Ik ken je levensgeschiedenis niet, maar ik denk dat kinderen moeten geloven in krachten buiten zichzelf. Daarom lezen ze boeken over heksen en tovenaars en God weet wat. Er is een menselijke behoefte aan die welke jeugd normaal gesproken uitput. Maar als de wereld van een kind wordt opgedeeld door te veel realiteit, gaat dat ondergronds.
(I don't know your life history, but I think children need to believe in powers outside themselves. That's why they read books about witches and wizards and God knows what. There is a human need for that which childhood normally exhausts. But if a child's world is broken up by too much reality, that need goes underground.)
Het citaat benadrukt het belang van verbeelding en geloof in iets groters dan zichzelf tijdens de kindertijd. Kinderen voelen zich natuurlijk aangetrokken tot verhalen over magie en bovennatuurlijke wezens, omdat deze verhalen een aangeboren verlangen naar verwondering en mogelijkheid vervullen. Dergelijke verhalen helpen kinderen te ontsnappen aan de hardheid van de realiteit en laten hen hun hoop en dromen verkennen.

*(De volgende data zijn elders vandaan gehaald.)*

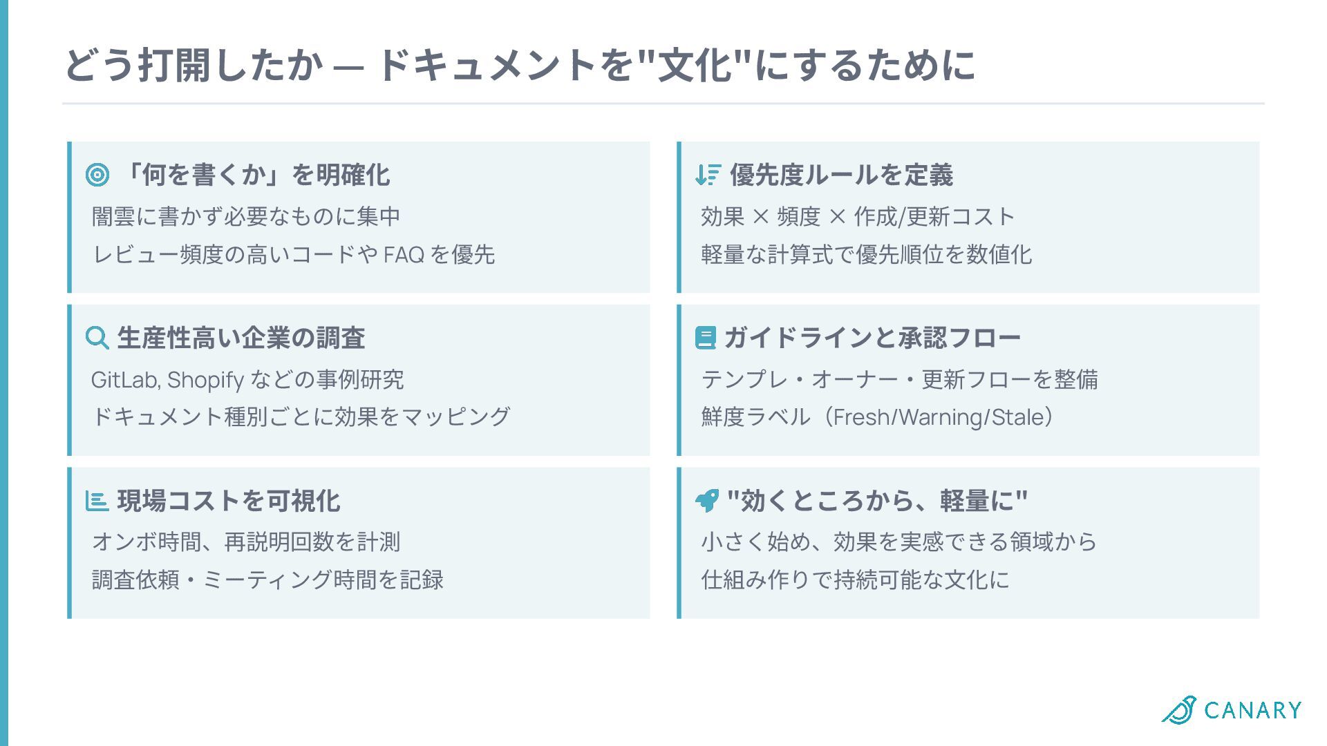 を優先 GitLab, Shopify などの事例研究 ドキュメント種別ごとに効果をマッピング 現場コストを可視化 オンボ時間、再説明回数を計測 調査依頼‧ミーティング時間を記録 効果 × 頻度 × 作成/更新コスト 軽量な計算式で優先順位を数値化 テンプレ‧オーナー‧更新フローを整備 鮮度ラベル(Fresh/Warning/Stale) "効くところから、軽量に" ⼩さく始め、効果を実感できる領域から 仕組み作りで持続可能な⽂化に

Als de omgeving van een kind echter wordt overweldigd door harde realiteiten en praktische zorgen, kan deze fantasierijke impuls worden onderdrukt. Wanneer het leven van een kind gevuld is met te veel ernst of negativiteit, kan hun gevoel van verwondering en de behoefte aan geloof in iets buiten zichzelf worden onderdrukt, waardoor deze emoties ondergronds worden gedwongen en mogelijk hun ontwikkeling beïnvloeden.